American historian (1936–2021)

Tetsuo "Tets" Najita (奈地田 哲夫, Najita Tetsuo) was an American historian.

==Biography==
A nisei, Najita was raised in Hawaii. He graduated from Grinnell College in 1958, and was named a Woodrow Wilson Fellow. While in Grinnell, he became a member of Phi Beta Kappa. Najita completed a doctorate at Harvard University in 1965.

Upon finishing his studies, Najita began teaching at Carleton College. He left Carleton in 1966, and became an associate professor at the University of Wisconsin. In 1969, Najita joined the University of Chicago faculty, and was later named a Robert S. Ingersolll Distinguished Service Professor in History and East Asian Languages and Civilizations.

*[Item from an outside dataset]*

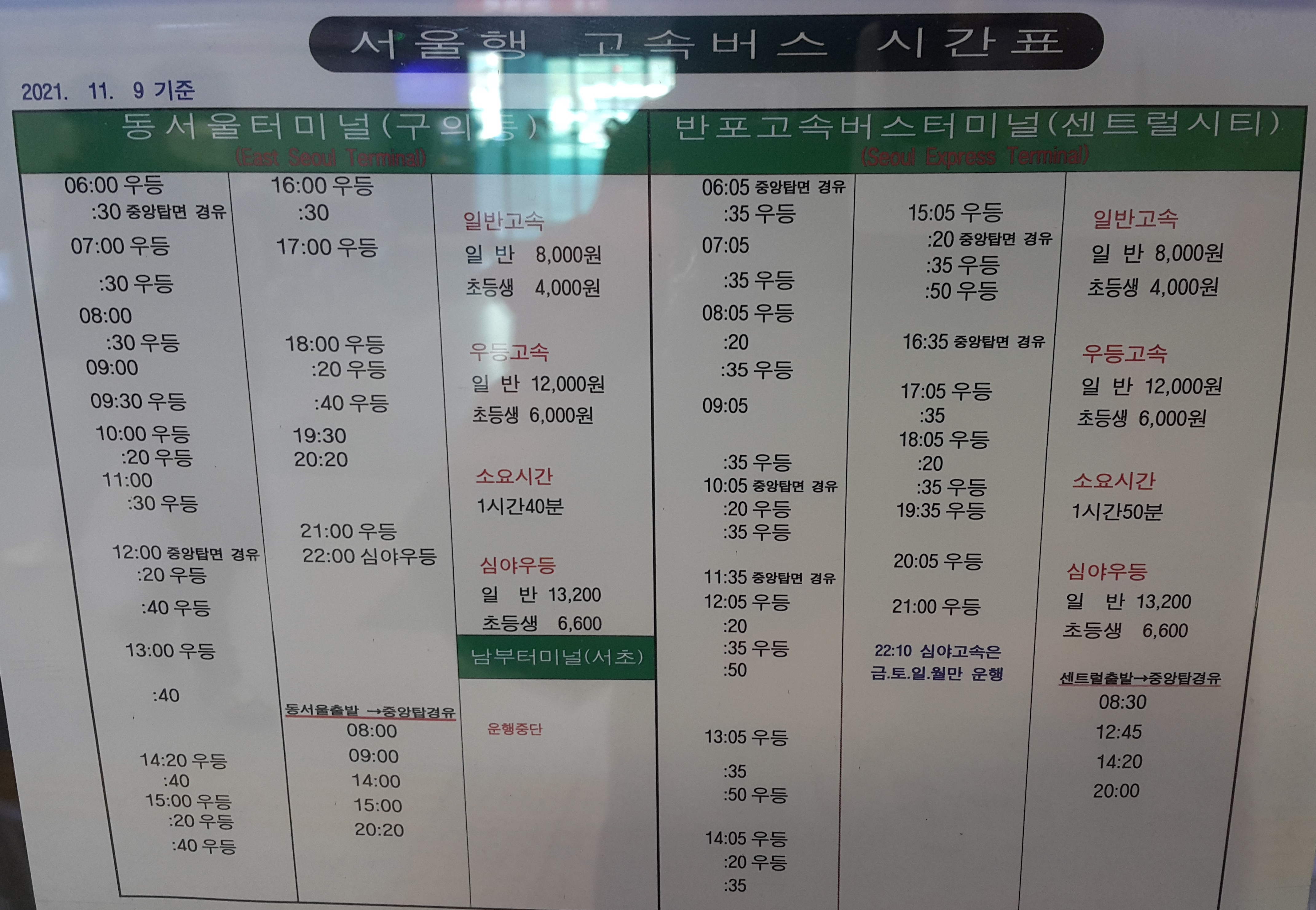 충주 출발 서울, 동서울터미널, 반포고속버스터미널 방면.

Over the course of his career, Najita received a Guggenheim Fellowship in 1981, and was named to the American Academy of Arts and Sciences in 1993. Grinnell College honored Najita with an alumni award in 1998. Five years after his retirement from the institution, the University of Chicago inaugurated the Tetsuo Najita Distinguished Lecture series in 2007.

Najita died at his home in Kamuela, Hawaii, on January 11, 2021, after a long illness.

== Bibliography ==
- Hara Kei in the Politics of Compromise, 1905-1915 (Harvard University Press, 1967).
- Japan: the Intellectual Foundations of Modern Japanese Politics (Prentice-Hall, 1974).
- Visions of Virtue in Tokugawa Japan: the Kaitokudo Merchant Academy of Osaka (University of Chicago Press, 1987).
- Ordinary Economies in Japan: a Historical Perspective, 1750-1950 (University of California Press, 2009).
- Tokugawa Political Writings, (Cambridge University Press, 1998).
- Japanese Thought in the Tokugawa Period, 1600-1868: Methods and Metaphors, co-edited with Irwin Scheiner, (University of Chicago Press, 1978).
- Conflict in Modern Japanese History: the Neglected Tradition, co-edited with J. Victor Koschmann, (Princeton University Press, 1982).